Pictures excluded, copy all of the data below exactly.
(THE DATA)
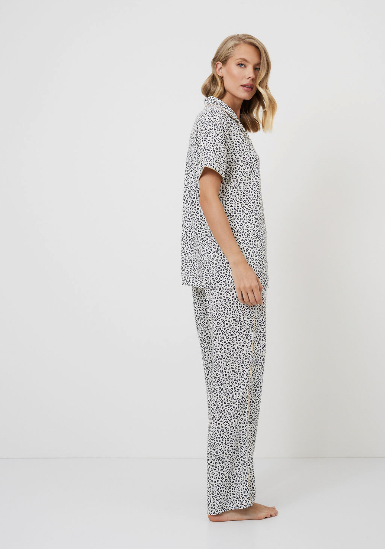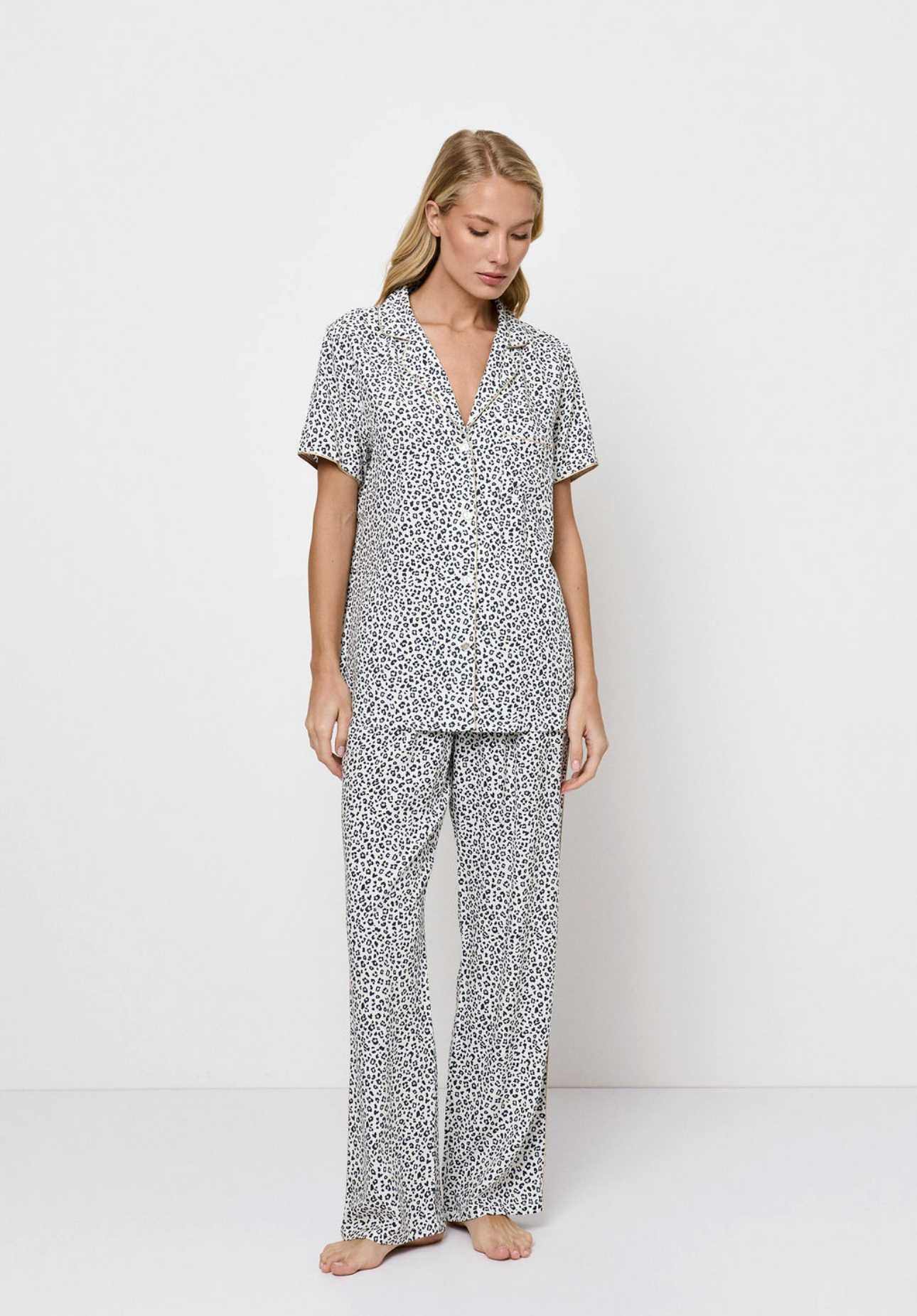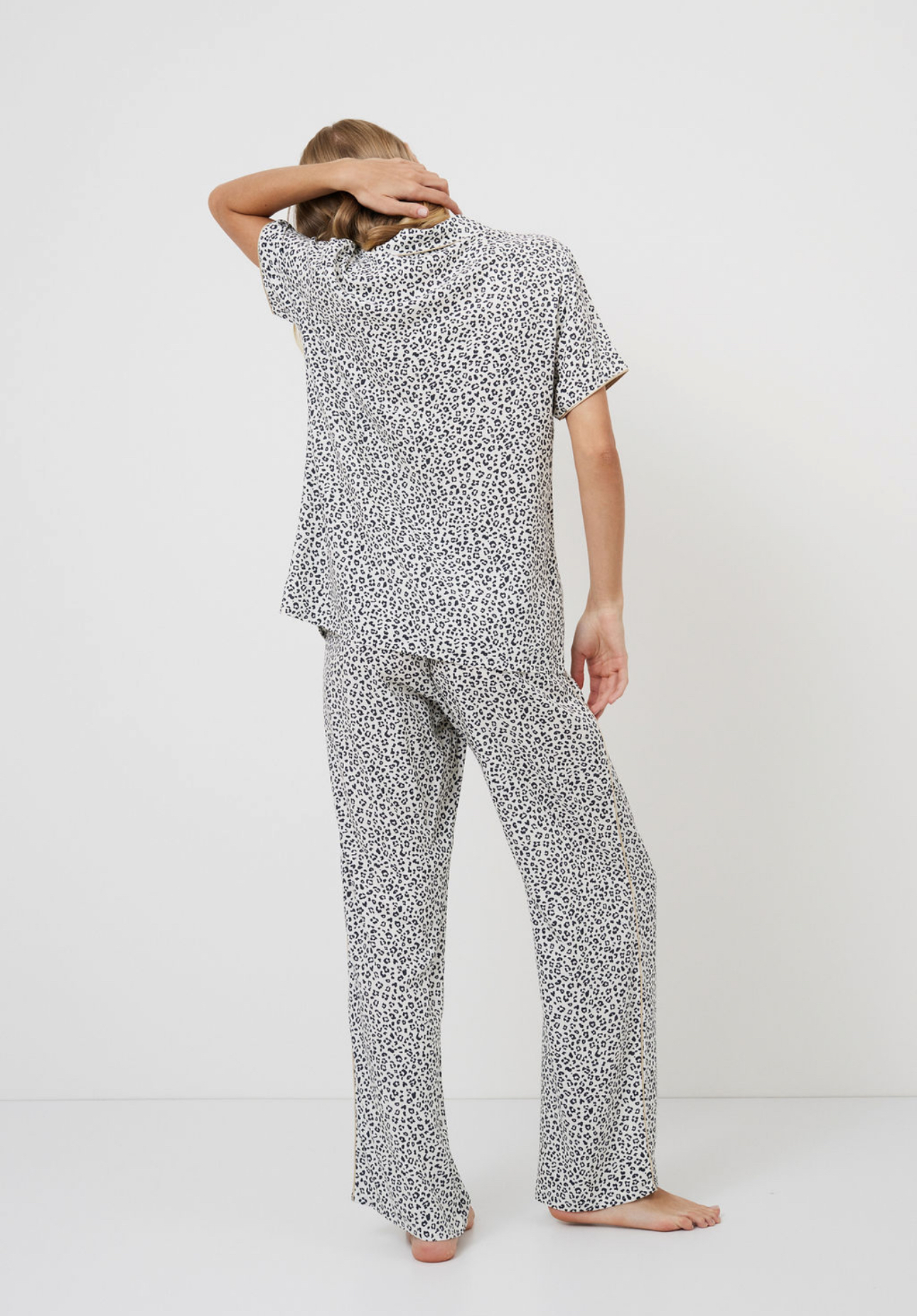 De pyjama is gemaakt van lichte viscose in een luxueuze luipaardprint.
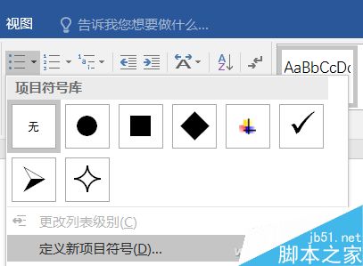 当大家要给一段文档进行编号处理的时候,选中要进行编号的段落,在“开始”选项卡中找到“项目符号”图标,点选下拉菜单(小三角),选择相应的段落标记符号。这个符号也是可以更改的,在“定义新项目符号”中可以切换选择。甚至你可以用图片来当做段落标记使用。
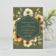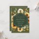Embrace an earthy and elegant aesthetic with this stunning botanical design. A deep olive green backdrop provides a rich canvas for radiant golden yellow and creamy white blossoms. Delicate anemones and wildflower buds are nestled amongst lush, verdant greenery, creating a romantic meadow-inspired arrangement for your special day.
(End THE DATA)
*RESULT*.
 De pyjama is gemaakt van lichte viscose in een luxueuze luipaardprint.
 当大家要给一段文档进行编号处理的时候,选中要进行编号的段落,在“开始”选项卡中找到“项目符号”图标,点选下拉菜单(小三角),选择相应的段落标记符号。这个符号也是可以更改的,在“定义新项目符号”中可以切换选择。甚至你可以用图片来当做段落标记使用。
Embrace an earthy and elegant aesthetic with this stunning botanical design. A deep olive green backdrop provides a rich canvas for radiant golden yellow and creamy white blossoms. Delicate anemones and wildflower buds are nestled amongst lush, verdant greenery, creating a romantic meadow-inspired arrangement for your special day.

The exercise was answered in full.